Toward a Unified Metadata Schema for Ecological Momentary Assessment with Voice-First Virtual Assistants
Chen Chen, Khalil Mrini, Kemeberly Charles, Ella T. Lifset, and Michael Hogarth, Alison A. Moore, Nadir Weibel, Emilia Farcas

TL;DR
This paper introduces a unified metadata schema for ecological momentary assessment (EMA) that leverages voice-first virtual assistants to reduce user burden and improve data collection in natural environments.
Contribution
The paper proposes a novel, flexible metadata schema for EMA questions that enables efficient voice interface deployment without extensive coding, facilitating rapid prototyping.
Findings
Schema supports rendering on multiple voice devices
Enables rule-based question rendering at runtime
Reduces development effort for voice EMA platforms
Abstract
Ecological momentary assessment (EMA) is used to evaluate subjects' behaviors and moods in their natural environments, yet collecting real-time and self-report data with EMA is challenging due to user burden.
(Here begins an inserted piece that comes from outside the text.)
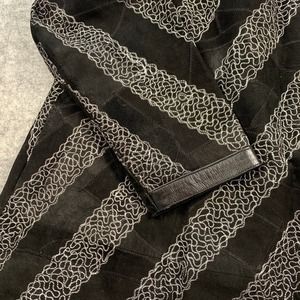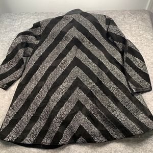 Leather Band Collar Womens 1X Silver Embroidery Mid Length Coat. Pictures don't do this coat justice! It is an amazing 100% leather coat with beautiful silver thread embroidery throughout with V patterns that mix the leather and embroidery. Coat has 3 buttons that button up from mid coat up to neck to give it a stylish open front flare. A staple piece to keep forever! fully lined with two side pockets.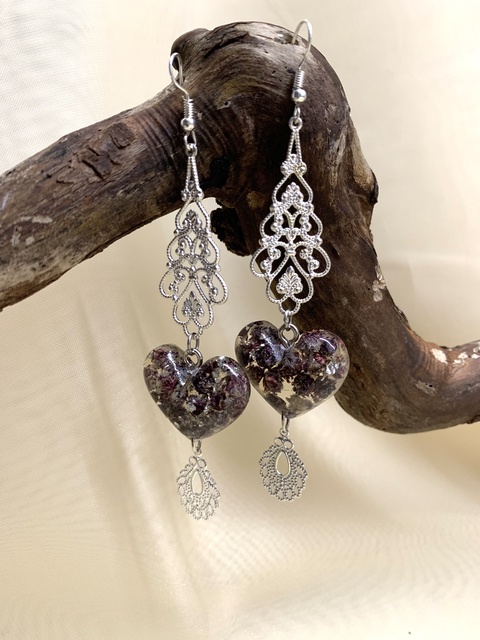 - Material/Conținut flori naturale, foita argint, inox, rasina

Integrating voice into EMA data collection platforms through today's intelligent virtual assistants (IVAs) is promising due to hands-free and eye-free nature. However, efficiently managing conversations and EMAs is non-trivial and time consuming due to the ambiguity of the voice input. We approach this problem by rethinking the data modeling of EMA questions and what is needed to deploy them on voice-first user interfaces. We propose a unified metadata schema that models EMA questions and the necessary attributes to effectively and efficiently integrate voice as a new EMA modality. Our schema allows user experience researchers to write simple rules that can be rendered at run-time,…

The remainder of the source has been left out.